Secondo: se non ti allontani subito da me, ti cambio i connotati con una testata e terzo: liberami da queste fottute corde e forse non tenterò di mettere in atto il secondo punto.»

Lui crede di essere il padrone del mondo, crede di potermi piegare con stupide e insignificanti minacce.
Ma non ha ancora capito con chi ha a che fare.
Isabelle LaCroix non si piega di fronte a nessuno. Mai.

«Che paura, Belle. Tremo tutto. Non vuoi più sapere perché ti trovi qui?» mi chiede, dal suo tono e dal suo sguardo freddo non trapela nessuna emozione.
Resta fermo di fronte a me, come se non fossi capace di mettere in pratica quello che gli ho appena detto.
Mi sottovaluta.

«Immagino già il motivo per cui mi trovo qui.»

Non ricordo granché di stanotte, ma sono quasi sicura di averlo baciato, probabilmente questo lo ha fatto sentire in diritto di portarmi a casa sua e di legarmi al suo letto.
Faccio una smorfia.
Lui sorride.

«Non credo.»

«Oh, sì invece. Sei uno di quelli che pratica bondage o cose del genere per caso? Perché non trovo altri motivi per cui dovrei essere legata al tuo letto con delle corde.»

«Hai una fervida immaginazione.»

«Ah, e tanto per la cronaca, non mi pare di averti dato il permesso di farlo e se, mettiamo il caso, io lo avesso fatto ero totalmente ubriaca, ciò significa che ti sei approfittato di me in un momento di debolezza. Una cosa davero squallida che…»

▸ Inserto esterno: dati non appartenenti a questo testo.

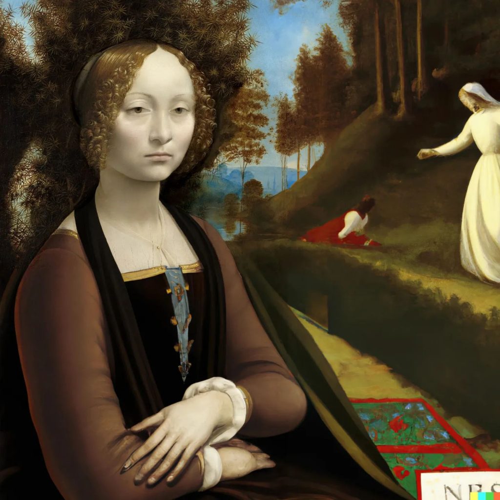– vyzkoušel jsem obraze Ginevra de‘ Benci od Leonardo da Vinci, který mi visí už asi 10 let v obýváku (i když mám silné podezření na falsum).

«Cazzo, Belle, parli davvero troppo» ringhia afferrandomi saldamente per la nuca e spingendo le sue labbra carnose sulle mie.
Troppo volece, non riesco a fermarlo.
Un senso di rabbia mi pervade sapendo di non potermi difendere.

Sento la sua lingua calda farsi strada dentro la mia bocca e una sensazione di calore, del tutto indesiderato, mi pervade il corpo.
Non lo assecondo, ma neppure faccio nulla per fermarlo.
Un bacio, un solo bacio e il mio corpo intorpidito sembra risvegliarsi da un lungo sonno. Il sangue pulsa veloce nelle mie vene e si cononcentra in un punto ben preciso del mio corpo.

Quando si stacca da me il bastardo, dai capelli neri come una notte senza stelle, mi fissa con soddisfazione e con una punta di sfida negli occhi, si lecca le labbra per poi distenderle in un mezzo sorriso.

«No, non sei a casa mia perché voglio fare qualche giochetto strano con te, ma perché ti ho rapita e per questo, mia cara, devi ringraziare tuo padre e gli amici che frequenta.»

I miei occhi si spalancano, non posso credere alle mie orecchie. Questo delinquente mi ha appena messa al corrente di avermi rapita come se fosse la cosa più normale di questo modo.
Serro le labbra.
Il suo viso è così vicino al mio.
E io lo faccio, non ci penso oltre.
Gli tiro una testata che avrebbe potuto tramortire un rinoceronte.
I suoi occhi si chiudono per un solo istante, il tempo di assorbire il colpo inaspettato.
Un rivolo di sangue esce dal naso. Sono sicura che stia soffrendo, ma non lo da a vedere.
Neache un piccolo mugolio di dolore esce dalle sue labbra serrate.
Deglutisco.
Riapre gli occhi e io sono convinta di poterci vedere l'inferno dentro.
Deglutisco ancora.
Il sangue adesso esce più copioso e raggiunge le labbra, scivola sul mento, sul collo e si ferma sul colletto della camicia bianca immacolata.
I miei occhi ne seguono il percorso e poi ritornano a posarsi nei suoi, glaciali.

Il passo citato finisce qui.